An invisible, powerful psychic force—an absolute command over the electromagnetic and kinetic properties of the air—acted upon the flame.
The enormous, roaring mass of fire was instantly arrested mid-flight, seemingly snagged by nothing. John's frenzied efforts to push the attack forward were futile, the source of his power completely and instantaneously dominated.
In the space of a single, slow breath, the elephant-sized fireball was compressed, refined, and drawn inexorably toward Zhou Yi's fingertip. The immense energy was condensed into a tiny, contained flame, no larger than a child's thumb.
With an infinitesimal psychic adjustment, Zhou Yi shaped the minuscule flame. It was no longer a fire. It was a masterpiece of thermal sculpture: a tiny, dancing figure of a young girl, gracefully pirouetting on the tip of his finger, its light delicate and entirely contained.
This was true fire mastery—not control, but effortless elemental sculpture and subjugation.
John, sweating profusely and frantic, didn't even see the artistry. He was still flicking his empty Zippo, attempting to summon more power, unable to comprehend that his power had been utterly stolen and mocked.
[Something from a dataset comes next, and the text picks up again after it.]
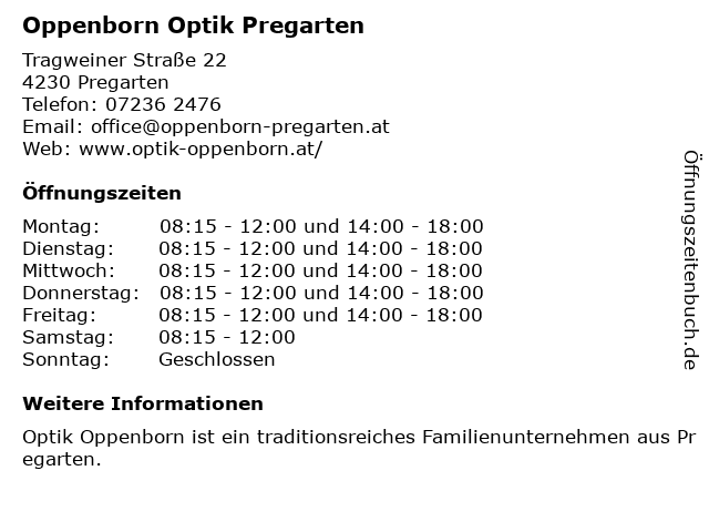 | Öffnungszeiten Oppenborn Optik Pregarten in Pregarten anzeigen | |

Zhou Yi had no intention of teaching this clumsy man a prolonged lesson. He simply flicked his wrist. The flame-sculpture vanished. In its place, the captured thermal energy instantly erupted and transformed into a ferocious, crackling, emerald-green beast.
It roared—a sound heard only in the psychic scream of the thermal energy—and shot directly toward the young man who had dared to challenge him.
For such an ungrateful, persistent idiot, a harsh lesson designed to shatter his self-centered fantasy of power was the best course of action.